Day after day, Kelvin puzzled over the strictly electrical aspect of the matter until he could tell to a nicety exactly what any fiven current of electricity would do under any one of a thousand different conditions. It was for his work in this connection that he received his knighthood. His experiences at sea opened his eyes to the necessity of improving all kinds of nautical and maritime appliances. The compass then in use had many drawbacks. It was affected by the roll of the ship and by the substances employed in the vessel's construction. Kelvin invented a much more accurate instrument, which, except in minor details, has not since been improved upon. He noticed at once that the method of sounding was both clumsy and laborious, and he invented an appliance for taking soundings with the greatest ease at depths that, until then, could not be measured at all. And he devised a new and more reliable system by which a captain could determine his position.
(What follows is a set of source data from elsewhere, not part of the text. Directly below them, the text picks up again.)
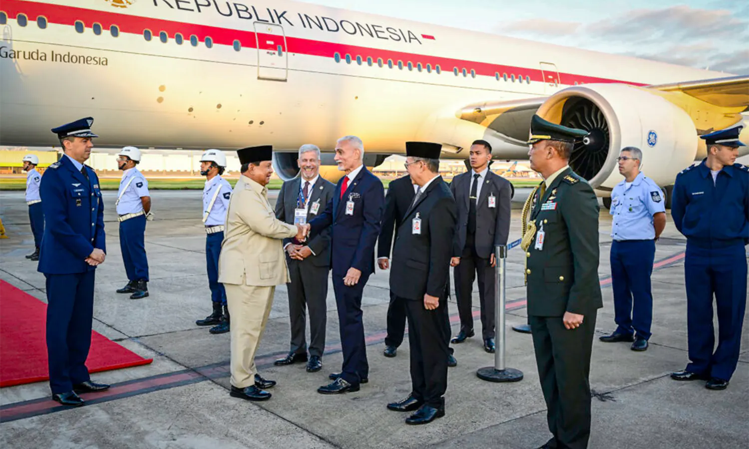 Presiden Republik Indonesia Prabowo Subianto disambut sejumlah petinggi negara Brazil saat tiba di Air Base Galeão, Rio de Janeiro pada Sabtu (5/7/2025) pagi. (Foto: dok. BPMI Setpres)
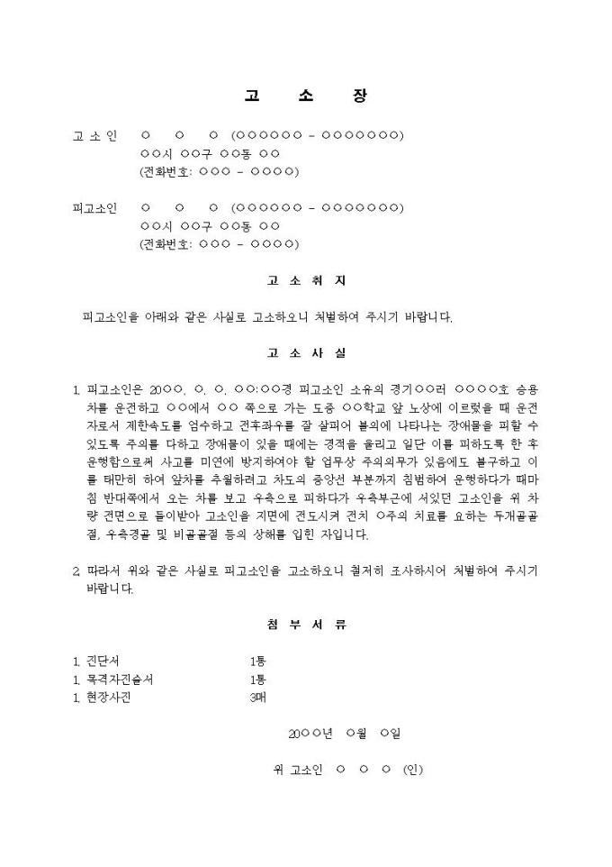 (고소장)교통사고처리특례법위반(중앙선 침범)입니다.
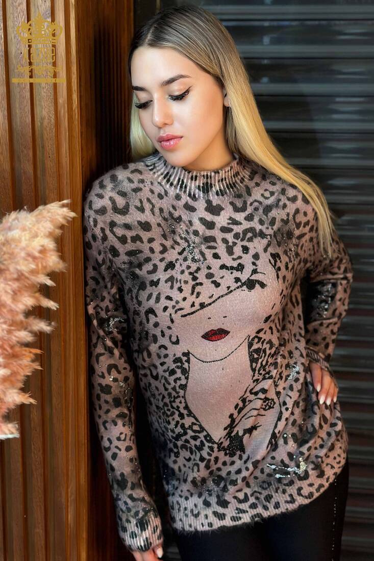 Kadın Angora Taş İşlemeli Dik Yaka Vizon - 18996 | KAZEE
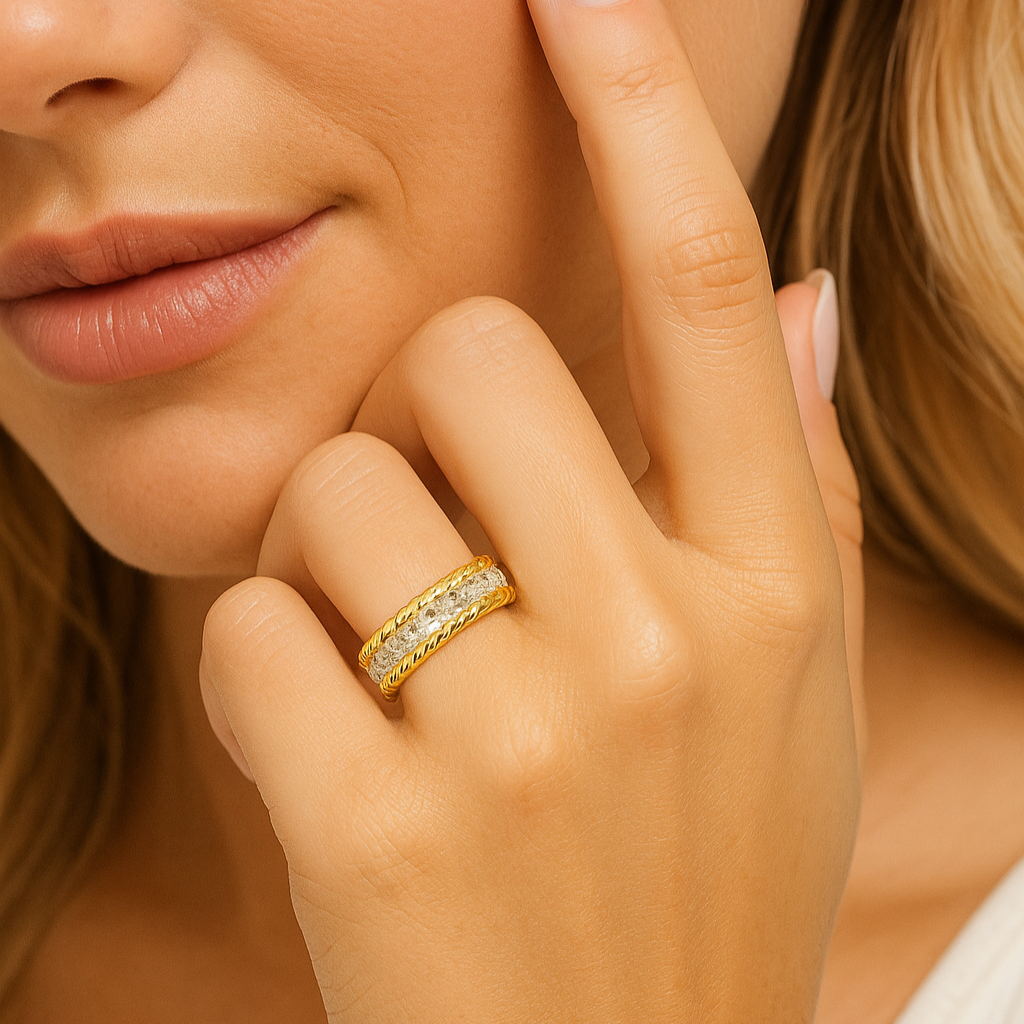 Waves of gold intertwine with sparkling diamonds in this eternity band, symbolizing endless love and unity. Bold yet graceful, it is a statement of devotion destined to shine for generation
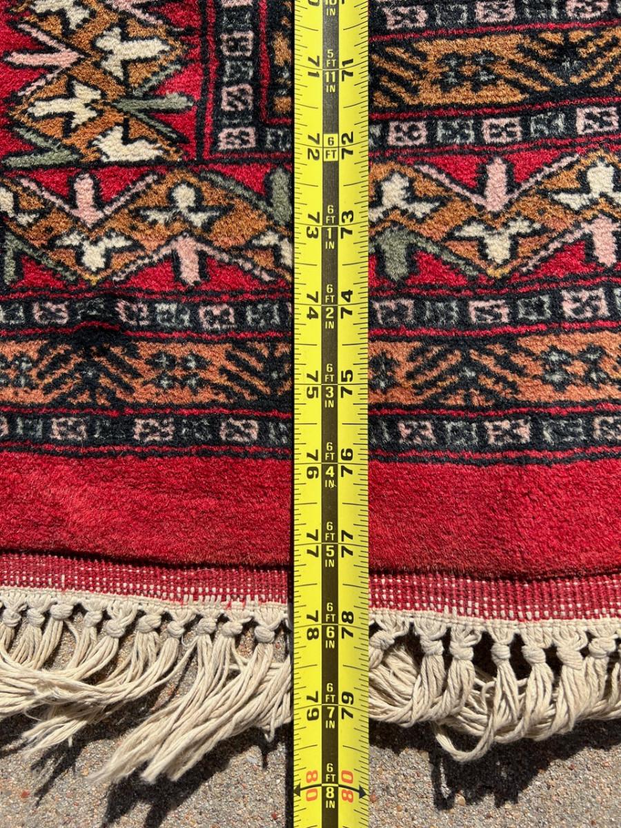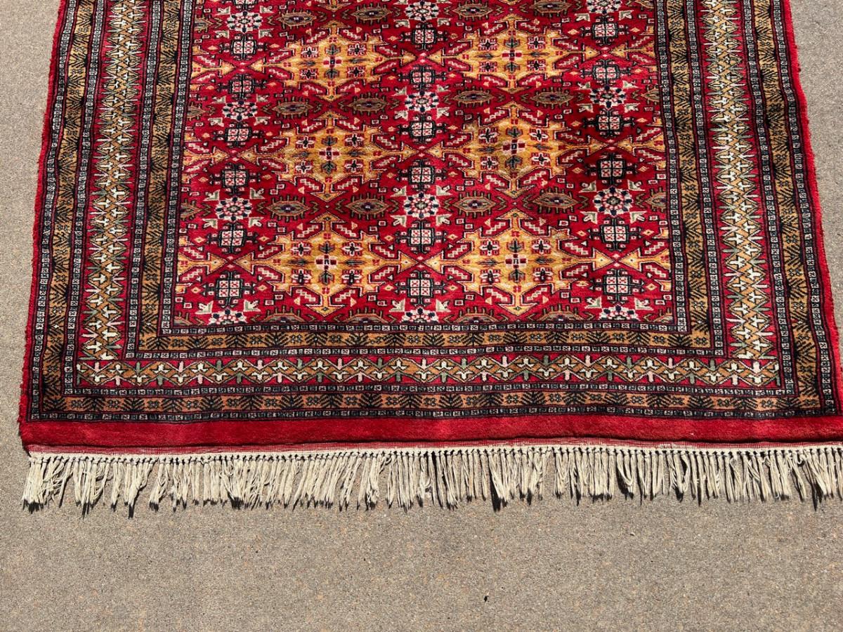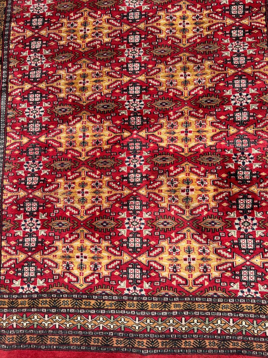 DESCRIPTION: This finely woven rug will own wherever you choose to lay it. The bright, saturated red field is boldly patterned with a repeated series of ochre and gold guls separated with small, white over red foliate passages, displayed jewel-like in the central field. Multiple border framing makes this elaborate rug a life time investment-heirloom quality rug.
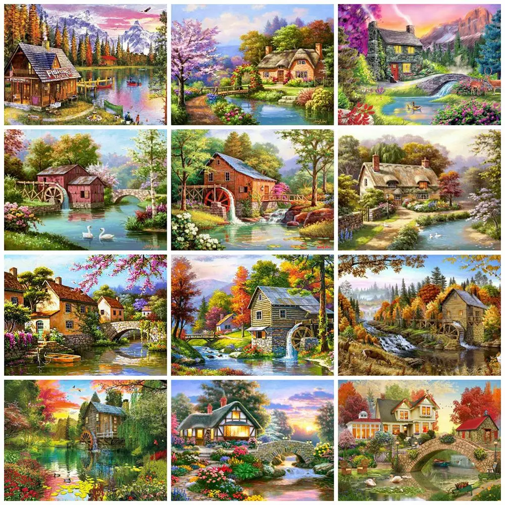 Алмазная живопись квадратныекруглые наборы дом Бриллиантовая вышивка озеро вышивка крестиком пейзаж Стразы искусство хобби подарок домашний декор
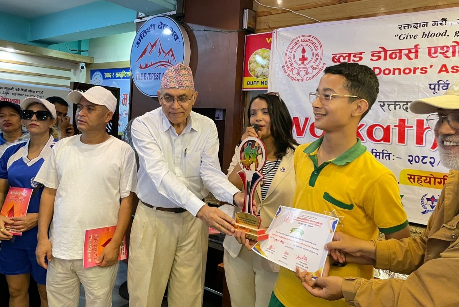 ‘रक्तदान गरौं, आशा जगाऔं, सबै मिली जीवन बचाऔं’ भन्ने मुख्य नाराकाे साथ वाकाथन प्रतियोगीतामा पुर्वी भेगीय क्षेत्रका विभिन्न संस्थागत विद्यालय तथा सामुदायीक विद्यालयका विद्यार्थी लगायत सर्व साधारणहरुको सहभागीता रहेको थियो वाकाथन प्रतियोगीता लाई दुई समूहमा विभाजन गरि १५ वर्ष भन्दा मुनिका लागी तिनकुने द एभरेष्ट मम बाट वानेश्वर पुगि पुन: तिनकुनेमा आहि सम्पन्न भएको थियो भने १५ वर्ष माथीका लागी तिनकुनेबाट शुरु भइ माइतीघर मण्डलामा पुगि पुन तिनकुने सम्मको रुट निर्धारण गरिएकाे थियो ।
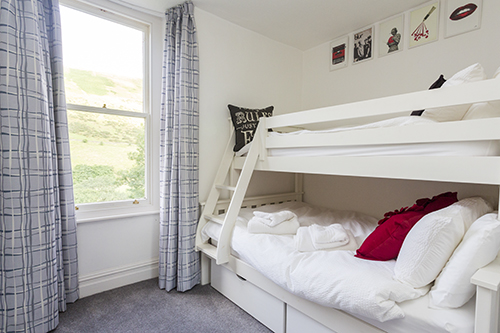 Smaller bunkbed room with ensuite shower and single window view over the garden and Howgill Fells

Sublimity Matched By Simplicity
His adventurous mind scorned all physical limitations. His work covered every branch of intellectual research and he published no fewer than 621 treatises on various scientific subjects. A complete list of his inventions would cover many pages. He was thrice called to the presidency of the Institute of Electrical Engineers. He was made president of the Royal Society, and, during the year in which he held that exalted office, Queen Victoria raised him to the peerage. Like the greatest of the great, he was in his simplicity sublime. Universally revered, no man was more reverent. He was a very great Christian. With all his superb gifts and cyclopaedic knowledge, his faith was the faith of a child. He loved God, loved his Bible, loved his Saviour. When staying with his sister, Mrs. King, in St. John's Wood, the Sunday turned out wet. Church was impossible, and Lord Kelvin suggested, and largely led, a Bible reading. He did more than any other man to show that the Darwinian theory of evolution was not necessarily hostile to religion. "If," he said, "all things originated in a single germ, then that germ contained within it all the marvels of creation—physical, intellectual, and spiritual—that were afterwards evolved." The creation of that germ was as wonderful as the creation, ready-made of the solar system.

All the great European powers heaped their highest honours upon him. When, at the age of 83, he died, he was buried at Westminster Abbey amidst such demonstrations of popular veneration and affection as had never before been accorded to any scientist. "To him," as Principal Russell of Faraday House said, "it has been given to make history which will abide as long as intelligent man survives upon the earth." In the city of Belfast, with which he was closely associated, stands an imposing statue erected to his memory by the proud and grateful citizens. The inscription declares, in words that have always been regarded as singularly felicitous, that Lord Kelvin was pre-eminent in elucidating the laws of Nature and in applying them to the service of man." Lord Balfour used to say that no man in the 19th century exercised upon humanity a more wholesome influence. It would be difficult to conceive of a loftier eulogy.